One SIMD unit has 32 cores, this would fit for a piece-wise move generator, it clocks up to 2.5 GHz, and the cache hierarchy of RDNA2 seems to fit NNUE networks with 10 million weights with 20 MB.
I am yet not sure if the caches are for textures only or if they can be used for program data, and the latencies are according to some benchmarks about an order of magnitude higher than on CPUs, hence it remains open how the NNUE inference will perform.
The scratch-pad memory (LDS) shared across one work-group is 32KB, this is enough for me to store the iterative search var stacks, constant cache of 16KB for the lookup-tables, the L0 cache is 16KB, L1 128KB, L2 4MB, and L3 varies from 16 to 128 MB. If I use a short2 data-type for the first NNUE layer and char4 for the further this should fit across the L0 to L3 caches. Alternative is to store the INT8 weights in the vector registers file, 128KB per SIMD.
Still not sure if 8-bit vector packed math is supported via OpenCL, to speed up NN inference.
Alright, I activated my time machine and looked over >10 years old threads on Chess on a GPU. Chess programmers are really smart guys and as soon as there were GPGPU frameworks they started to ponder on how to use a GPU for Chess. So what was the opinion back then?
- CPU-GPU latency
- SIMD architecture
- SIMT architecture
- VRAM memory latency
- integer performance
- no recursion
- synching of gpu-threads
I offload the whole search with move generation and position evaluation onto GPU. The host runs just an ID-loop (iterative-deepening) for time control.
I couple 64 gpu-threads to one worker, used for move generation, move picking, and position evaluation, square-wise, in parallel.
I achieve ~50% VALU utilization with one worker running on one SIMD unit, could be better, but no need to run multiple waves of SIMT.
VRAM memory latency
I lowered the global memory footprint by the use of registers for the board representation, scratch-pad memory for the iterative search stacks, constant memory for pre-calculated attack-tables and alike, and VRAM for Transposition Tables only.
I implemented a 64-bit Bitboard based board representation and move generator, did not succeed to switch to something with 32-bit or even 8-bit. 64-bit integer opreations need multiple cycles on 32-bit hardware, could be better, could be worse, with Bitboards it is easier to do SIMD-friendly arithmetics, other designs rely on loops or branches for move generation.
I implemented a selective AlphaBeta search in an iterative way.
synching of gpu-threads
I implemented a synchless parallel game tree search (RMO), communication is done via a Shared Hash Table in VRAM for hundreds of workers.
As I mentioned already, to get an chess playing engine running on GPU and to get an competitive engine running on GPU are two different tasks.

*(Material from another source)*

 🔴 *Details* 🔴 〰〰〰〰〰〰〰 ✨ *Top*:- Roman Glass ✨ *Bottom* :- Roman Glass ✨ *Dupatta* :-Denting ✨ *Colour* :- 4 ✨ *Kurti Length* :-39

I worked on the topic of parallel search, and with an NNUE implementation in pipe also on chess heuristics, what is left is the speed (the computed nodes per second of a single worker) and the selective part of the search algorithm. Zeta v099 is yet a quite simple implementation of an chess engine, if I add NNUE for chess position evaluation, there is still the branching-factor of >3 which eats up possible speed gains. If we compare one SIMD unit of a GPU for one single Zeta worker and a single CPU core, we have 32 SIMD 32-bit cores @~1.5GHz vs. 4 CPU 64-bit ALUs@~4GHz, we have roughly the same arithmetic throughput, but I did not succeed to match the nodes-per-second performance of a single CPU core, Zeta still lacks 10 to 20 fold behind, and has to catch up in Elo via hundreds of workers in an parallel search.

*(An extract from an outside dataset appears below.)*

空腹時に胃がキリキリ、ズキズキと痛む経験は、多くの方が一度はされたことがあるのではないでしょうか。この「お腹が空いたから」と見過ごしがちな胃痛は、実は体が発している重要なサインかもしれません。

The most common way of gpgpu programming is simply to run thousands to millions gpu threads performing the same task, take input from global memory, VRAM, do some computation on local memory or registers, copy results back to VRAM.
Current Neural Network based chess engines do run millions of threads on gpu in this manner.
With Zeta v099 I tried a different mode, to view the gpu as a bunch of SIMD units. The parallel cores of one SIMD unit are coupled to one worker to work on the same chess node in parallel during move generation, move picking, and position evaluation. Different SIMD units work on the chess game tree via an classic parallel AlphaBeta search like ABDADA or Lazy SMP. The advantage of such an design is that you have only hundreds of workers (the amount of SIMD units) to feed an parallel search with, cos the more workers you run in AlphaBeta search, the less efficient the parallel game tree search performs.
With Zeta v097 and v098 I tried yet another mode. Current gpus are based on SIMT architecture, they are able to run multiple waves of Warps (Nvidia: 32 parallel SIMD threads) resp. Wavefronts (AMD: 64 parallel SIMD threads) on the same SIMD unit to hide memory latencies. So they are able to run a multitude of threads on a single core. With this mode I ran thousands of parallel gpu threads, each working on a single node, all working on the chess game tree search in parallel via an parallel Best-First-MiniMax search. The disadvantage of such an design is the low nodes-per-second performance of a single gpu thread, and the massive amount of parallel workers.
So, the question which remains open is how to run thousands to millions of threads, performing all the same computation, in an parallel game tree search.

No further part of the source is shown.